Look in any dictionary and find the word “dedication.” Next to that word, paste in a picture of Nissan Delta Wing driver, Satoshi Motoyama, as that is all of the definition you need of being dedicated to a particular craft. After being slammed in to the wall by a rookie Le Mans driver and his vehicle becoming disabled, Motoyama had two choices, give up or fix it yourself.

See, in Le Mans there is a rule against the pit crew coming out to help repair any disabling damages to a car – a ridiculous rule in our opinion – but there is no rule against the driver trying to fix said damages. So Motoyama, with his mighty Phillips screwdriver in hand, went to trying to breathe life back into his disabled experimental car, with his pit crew not too far away telling him what to do at each step.
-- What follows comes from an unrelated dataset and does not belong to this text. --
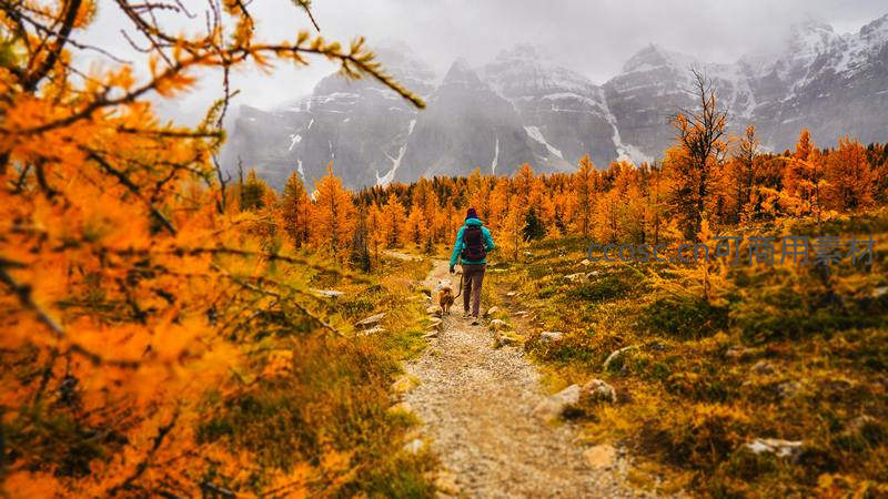 一位背包客带着爱犬行走在铺满金黄落叶的山间小径上,远处是云雾缭绕的雪峰,展现了人与自然和谐共处的壮丽秋日远足画面。

Motoyama removed body panels, in an attempt to free the apparently stuck wheels, but that just wasn’t working. After exhausting all of the team’s ideas, Motoyama conceded to the fact that the Delta Wing was not going to finish the race. After months of testing, tuning, and more testing, this experimental rig didn’t get the opportunity to complete the race, despite a pretty successful debut, where it sat near the middle of the LMP2 class with a fastest lap of 3:42.612.
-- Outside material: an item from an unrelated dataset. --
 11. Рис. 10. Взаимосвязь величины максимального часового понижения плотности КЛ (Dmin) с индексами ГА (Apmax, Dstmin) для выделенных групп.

Fortunately, there were plenty of cameras available to capture Motoyama’s valiant efforts and he certainly earned the respect of his peers and us in the media with his efforts. Check out the above video to see his attempts to get the Delta Wing back on the road and you’ll see just how important this race was to the Delta Wing team.

We have a feeling that this is not the last time we see the Delta Wing. It ran very well against the LMP2 class and may have earned an even higher fastest lap position, had it not been so heavily damaged.